- Bena Location in California Bena Bena (the United States)
- Coordinates: 35°19′36″N 118°44′23″W﻿ / ﻿35.32667°N 118.73972°W
- Country: United States
- State: California
- County: Kern County
- Elevation: 863 ft (263 m)

= Bena, California =

Unincorporated community in California, United States

Bena (formerly Pampa) is an unincorporated area of Kern County, California. It is located on the Union Pacific Railroad 7 mi west-northwest of Caliente, at an elevation of 863 feet. The Pampa post office operated from 1889 to 1890 and again during 1901.

== Railroad history ==
The Bena railroad station was built in 1885. In 1918, Standard Construction agreed to build four rail operators' houses near Bena for Southern Pacific. In 1962, the old Bena railroad station became the site of the largest superphosphate manufacturing plant west of the Mississippi River.

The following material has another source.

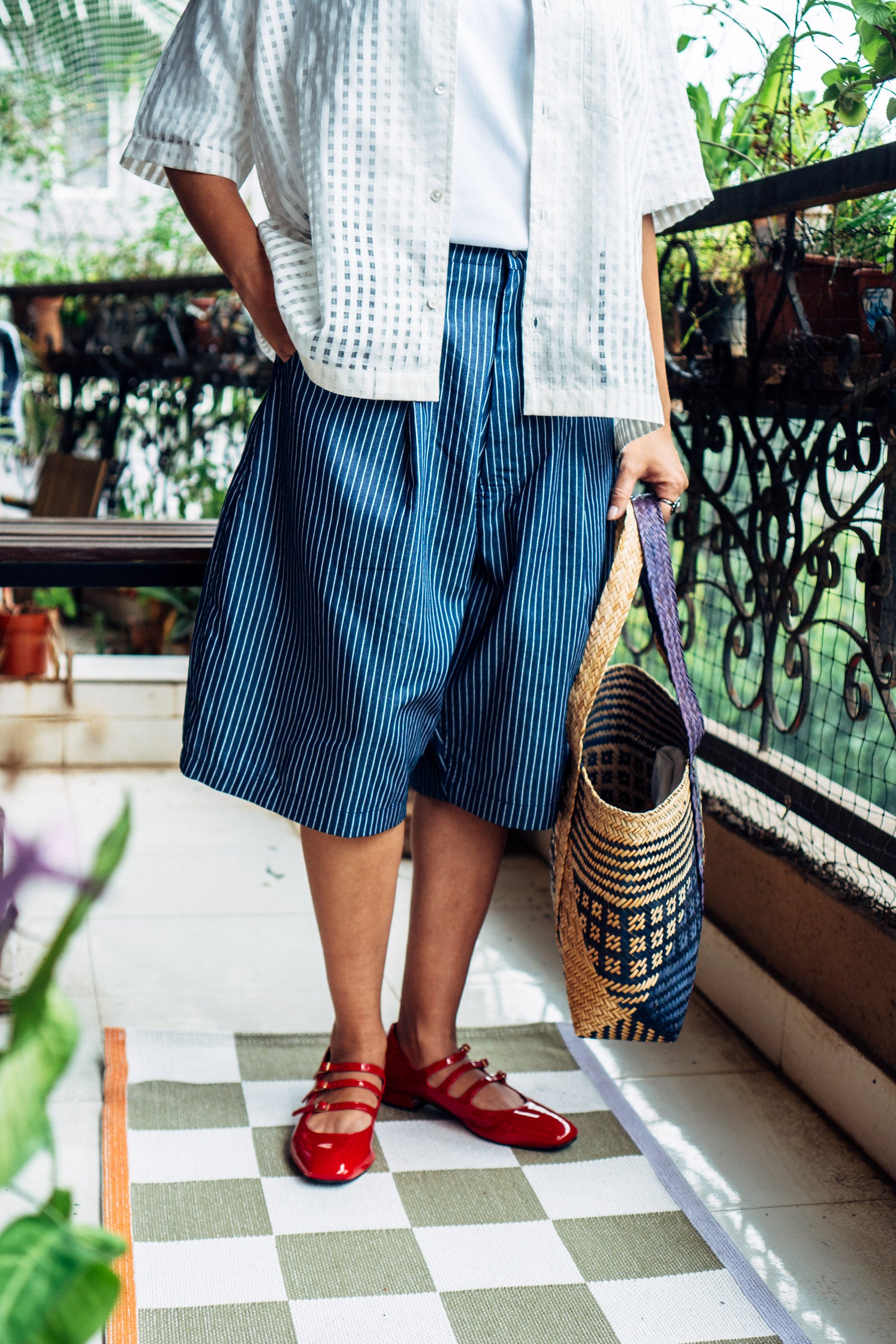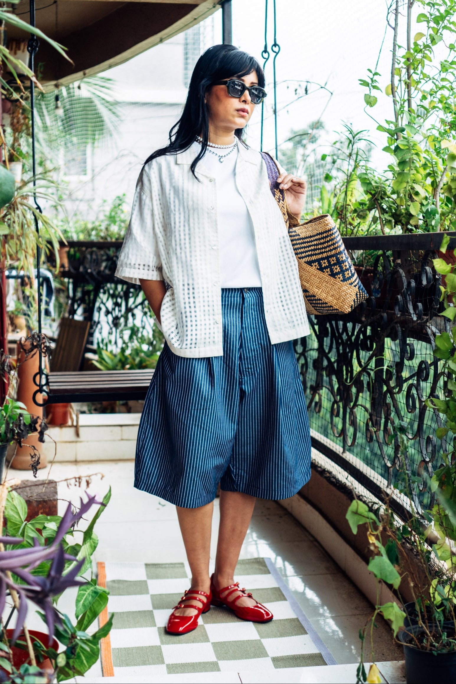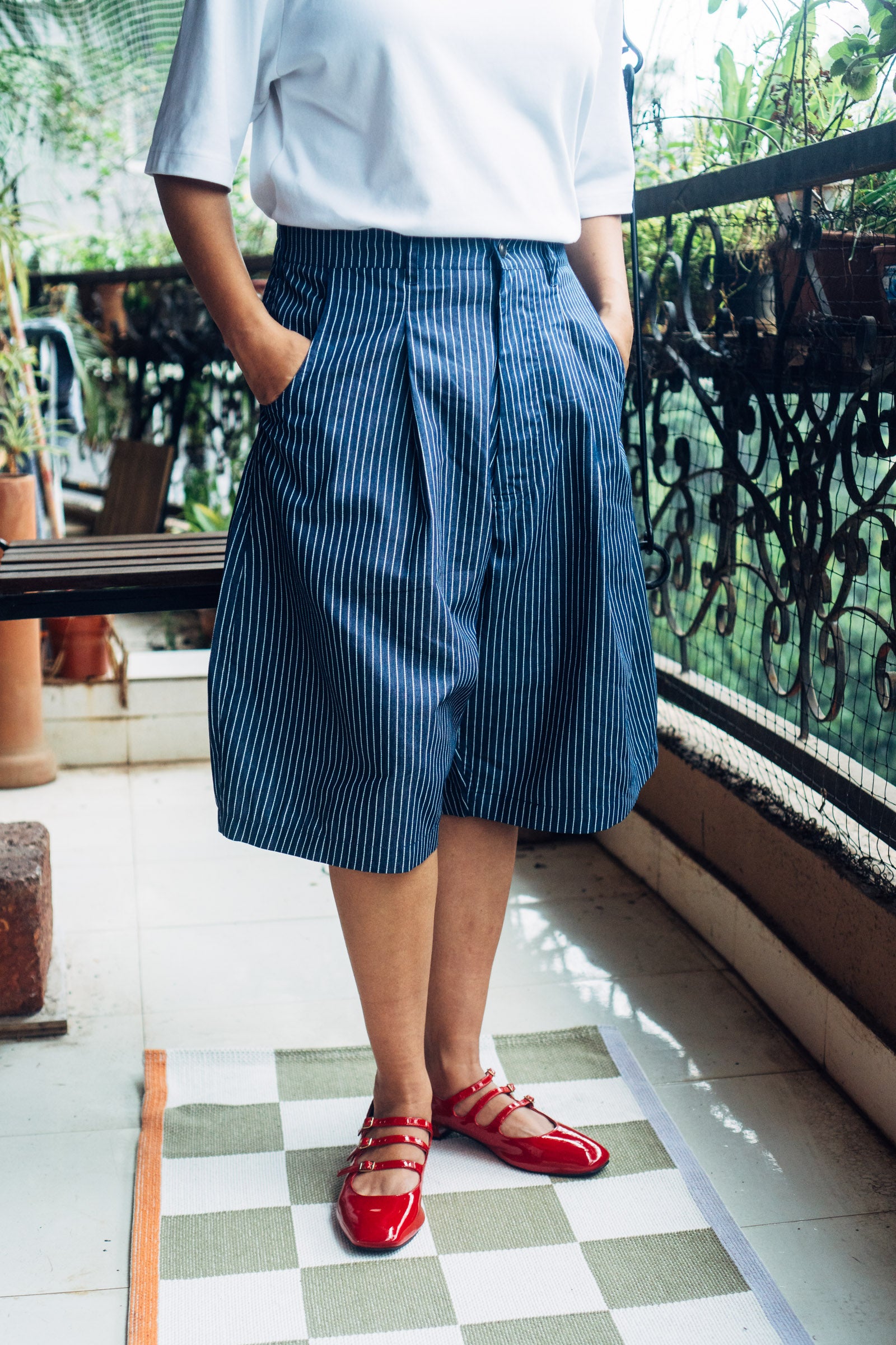Our Really Wide Shorts - based off our best-selling Really Wide Pants - have a longer inseam that can just as easily be worn to the beach or with heels for an evening out. These shorts have a classic pinstripe pattern and love them paired with our shirt or any front tie top. Forever cool and sporty, these shorts deserve a spot in every wardrobe. Made of deadstock Cotton, these are Unisex and fit true to size.

The Southern Pacific and Santa Fe Railroads donated the old Bena depot, once located a few miles from the Tehachapi Loop, to Kern Pioneer Village in 1961. Bena Depot was fully restored by the Kern County Museum in 2020.

== Oil fields and landfill ==
The area near Bena was the site of wildcat drilling for oil in the 1930s and 1940s.

Kern County now operates a landfill at Bena.